Team sees very negative investor sentiment as good indicator that bad news is priced in
London, 27 September 2022 — Russell Investments’ strategists believe that slowing core inflation should allow the U.S. Federal Reserve (Fed) to go on hold in early 2023 and that oversold equity-market sentiment means a lot of bad news is already priced in
“It’s hard to find much good news at present but one source of comfort is that investor sentiment is very negative,” said Andrew Pease, global head of investment strategy at Russell Investments. “We believe this provides some reassurance that markets have accounted for the bad news so far.”
While Pease isn’t ready to predict that a recession is the most likely outcome for the U.S. economy during 2023, he believes the probability is rising. The main warning in his view comes from the inverted Treasury yield curve, where the spread between the 10-year yield and the 2-year yield is the most negative in 40 years. In addition, some of the leading indicators for the U.S. economy, such as the Institute for Supply Management’s index for new orders, have softened.
He added that the Fed is focused on indicators such as payrolls and wages, which remain overheated, and these labor-market trends tend to lag the broader economy. In his view, this creates the risk that the Fed will continue to tighten while the economy weakens.
“We’re still in the soft/softish landing camp for the U.S. and we expect that strong household and corporate finances can limit the downturn to, at worst, a mild recession,” Pease said.
Regarding the outlook for Europe, the team expects a challenging winter lies ahead. They believe high energy costs will depress consumer spending and industrial production, while persistently high inflation will likely lead to continued tightening from the European Central Bank. “With measures of industrial production beginning to decline in response to high energy prices, it’s difficult to see the region avoiding at least a mild recession,” Pease said.
Russell Investments’ cycle, value and sentiment investment decision-making process offers a neutral view on the outlook as Q4 2022 begins. The firm’s strategists summarise their current asset-class preferences as follows:
- Non-U.S. developed equities are preferred to U.S. equities because they are relatively cheaper and will benefit from U.S. dollar weakness should the Fed become less hawkish. “Our valuation methodology is not scoring U.S. equities as cheap but value has improved,” Pease said. “This methodology, however, suggests that non-U.S. equities are now showing value.”

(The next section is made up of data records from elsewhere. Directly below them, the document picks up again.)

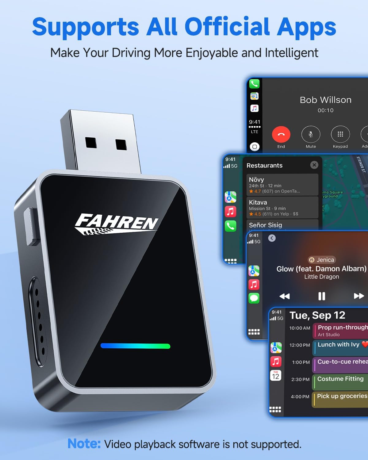 I purchased the FAHREN 2026 wireless adapter hoping it would provide a smooth wireless connection between my iPhone and my car’s infotainment system. The setup was simple and the device connected fairly quickly, which was a good start.However, the performance didn’t meet my expectations. I experienced noticeable lag when navigating apps and using the system. Making calls through the adapter was also frustrating because the audio would sometimes delay or cut out, making it difficult to have smooth conversations.Watching videos or streaming content online was also inconsistent, with buffering and occasional freezing that made the experience less enjoyable.Overall, while the concept is great and the device is easy to install, my experience was not a 10/10 due to the lag and connectivity issues. It has potential, but the performance could definitely be improved.
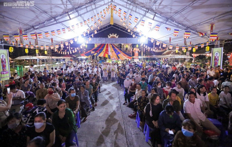 Hàng nghìn tăng ni, phật tử và người dân địa phương đã đến đây từ rất sớm để cầu nguyện, thắp nén hương bày tỏ lòng thành kính, cũng như tham dự lễ Vu Lan báo hiếu. Ảnh: VTC |
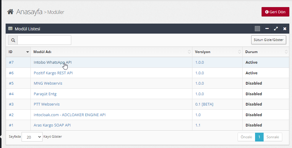 3-> Karşınıza uygulamanızda bulunan eklentilerin yer aldığı bir liste gelecektir. Listeden "Intobo WhatsApp API" linkine tıklayın.
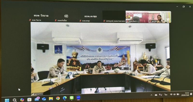 รายละเอียด : วันที่ 29 กันยายน 2568 ว่าที่ร้อยตรีปรเมศวร์ ราชพรหมมินทร์ ปลัดองค์การบริหารส่วนตำบลวังบาล ,นางราตรี ราชพรหมมินทร์ผู้อำนวยการกองสวัสดิการสังคม รักษาราชการแทนหัวหน้าสำนักปลัด ,นางสาวสุริยาภรณ์ เทพธานี นักวิเคราะห์นโยบายและแผนชำนาญการพิเศษ,นางคนึงนิจ สายคำมี เจ้าพนักงานธุรการชำนาญงาน ได้เข้าร่วมประชุมเตรียมความพร้อมในการเลือกตั้งสมาชิกสภาองค์กรบริหารส่วนตำบลและนายกองค์การบริหารส่วนตำบล(กรณีครบวาระ) ผ่านการประชุมทางไกลระบบ Zoom Cloud Meeting ณ ห้องประชุมองค์การบริหารส่วนตำบลวังบาล

- Emerging market equities could recover if there is significant China stimulus, the Fed slows the pace of tightening, energy prices subside and the U.S. dollar weakens. For now, a neutral stance is warranted.
- High yield and investment grade credit spreads are near their long-term averages, although the team sees the overall yield on U.S. high yield at about 8.5% as attractive. “Spreads will remain under upward pressure if U.S. recession probabilities increase,” Pease said. “We have a neutral outlook on credit markets but will become more positive if a U.S. recession becomes less likely.”
- Government bond valuations have improved and the team believes U.S., U.K. and German bonds offer good value. They view Japanese bonds as still expensive. “Yields have risen sharply in most markets in recent months and the risk of a further significant sell-off seems limited given inflation is close to peaking and markets have priced hawkish outlooks for most central banks,” Pease said.
- Real assets: Global listed infrastructure (GLI) has been one of the better-performing asset classes so far this year, while real estate investment trusts (REITS) have lost more than 20%. The team sees GLI as expensive on several measures, including dividend yields and price-to-earnings ratios. In contrast, REITS show good value on these measures. Regarding commodities, which still comprise the best-performing asset class so far this year, the team sees a potential upside from a recovery in Chinese demand in 2023 as lockdowns ease and more stimulus measures are adopted.
- The U.S. dollar has made gains this year on Fed hawkishness and safe-haven appeal during the Russia/Ukraine conflict. However, the team believes it should weaken if inflation begins to decline and the Fed pivots to a less hawkish stance in early 2023. In this scenario, the strategists expect the euro and Japanese yen would be the main beneficiaries.